- **DIRECTIONS FOR THIS TASK**:
Output exactly the lines below, starting with the line that has "IIMS Students Posing with their Rangoli" and going on through the line that has "7931 Demure Blond Oak", both included, and no other lines.
*** RECORDS PROVIDED ***
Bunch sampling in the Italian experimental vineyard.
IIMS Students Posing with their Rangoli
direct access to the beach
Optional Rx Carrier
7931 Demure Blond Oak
*** End of RECORDS PROVIDED ***
*** RECORDS PROVIDED ***
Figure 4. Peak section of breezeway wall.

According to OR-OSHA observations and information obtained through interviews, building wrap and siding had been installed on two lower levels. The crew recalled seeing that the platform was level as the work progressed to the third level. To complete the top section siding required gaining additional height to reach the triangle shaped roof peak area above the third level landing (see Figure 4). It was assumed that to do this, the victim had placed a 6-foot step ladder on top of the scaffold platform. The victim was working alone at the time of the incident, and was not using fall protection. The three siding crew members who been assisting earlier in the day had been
*** End of RECORDS PROVIDED ***
- **WORKED SOLUTION**:
IIMS Students Posing with their Rangoli
direct access to the beach
Optional Rx Carrier
7931 Demure Blond Oak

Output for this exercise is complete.